**Exercise aim:** Copy the listing in full and exactly, omitting its images.
[Opening Supplied data section]
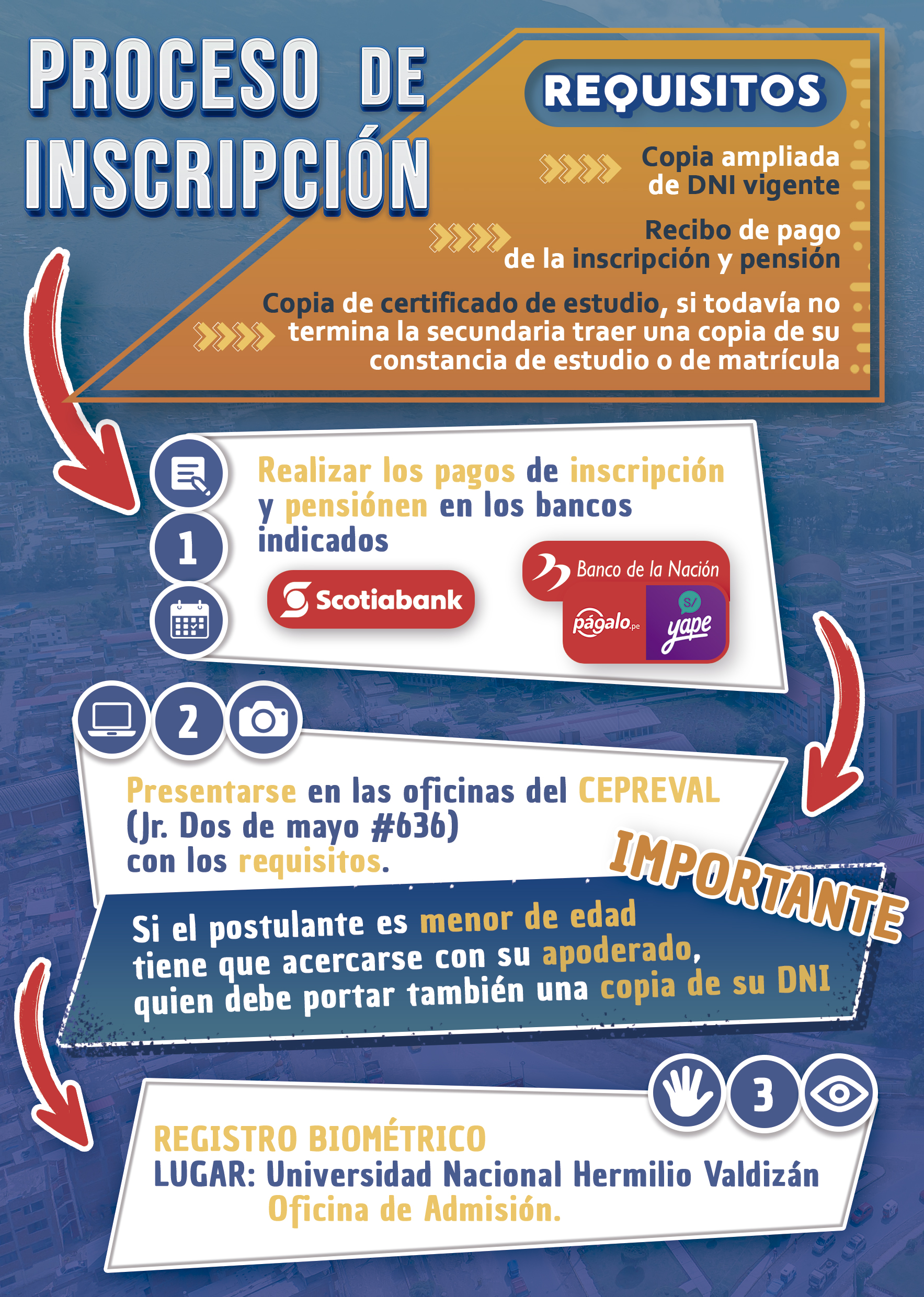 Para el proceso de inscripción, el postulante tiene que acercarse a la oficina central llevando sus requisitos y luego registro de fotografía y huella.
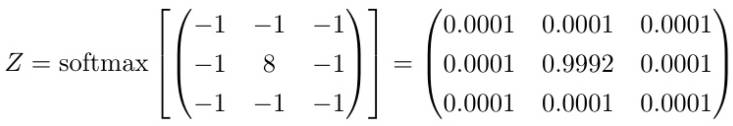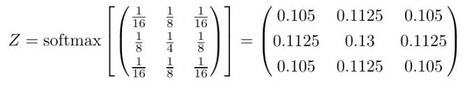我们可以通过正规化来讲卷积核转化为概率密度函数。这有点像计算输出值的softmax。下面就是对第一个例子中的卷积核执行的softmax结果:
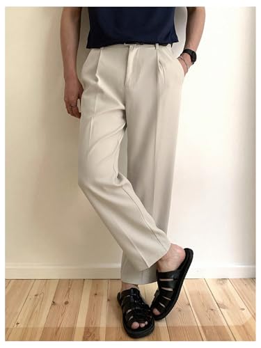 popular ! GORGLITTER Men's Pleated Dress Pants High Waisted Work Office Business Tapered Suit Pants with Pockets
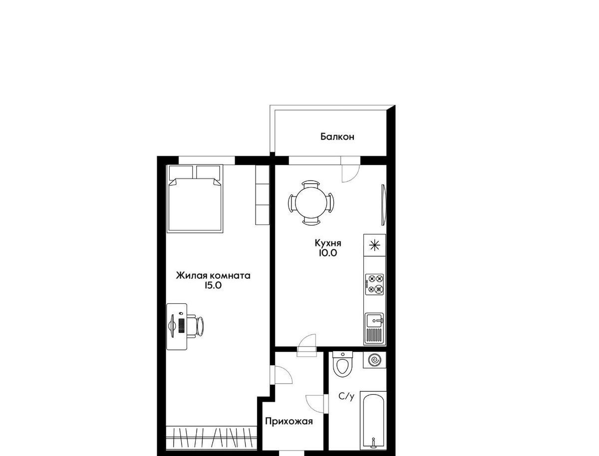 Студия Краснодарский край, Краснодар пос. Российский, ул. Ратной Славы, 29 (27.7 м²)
[Closing Supplied data section]
**Answer for the task:**
 Para el proceso de inscripción, el postulante tiene que acercarse a la oficina central llevando sus requisitos y luego registro de fotografía y huella.
我们可以通过正规化来讲卷积核转化为概率密度函数。这有点像计算输出值的softmax。下面就是对第一个例子中的卷积核执行的softmax结果:
 popular ! GORGLITTER Men's Pleated Dress Pants High Waisted Work Office Business Tapered Suit Pants with Pockets
 Студия Краснодарский край, Краснодар пос. Российский, ул. Ратной Славы, 29 (27.7 м²)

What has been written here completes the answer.